◆ **PROBLEM**:
Once you reach the line containing "Согласно утечкам, разработчики" in the data below, restate each line word for word up to and including the one containing "Deputado do MDB".

◆ **DATA PROVIDED**:

"""

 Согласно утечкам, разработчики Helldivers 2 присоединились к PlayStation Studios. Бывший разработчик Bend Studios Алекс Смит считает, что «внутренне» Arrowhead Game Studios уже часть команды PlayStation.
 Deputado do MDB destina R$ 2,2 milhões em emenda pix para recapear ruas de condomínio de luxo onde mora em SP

"""
"""

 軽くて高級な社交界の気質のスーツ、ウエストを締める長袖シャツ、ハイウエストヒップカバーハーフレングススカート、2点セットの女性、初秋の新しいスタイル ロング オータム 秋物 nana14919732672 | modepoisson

"""

◆ **TASK ANSWER**:
 Согласно утечкам, разработчики Helldivers 2 присоединились к PlayStation Studios. Бывший разработчик Bend Studios Алекс Смит считает, что «внутренне» Arrowhead Game Studios уже часть команды PlayStation.
 Deputado do MDB destina R$ 2,2 milhões em emenda pix para recapear ruas de condomínio de luxo onde mora em SP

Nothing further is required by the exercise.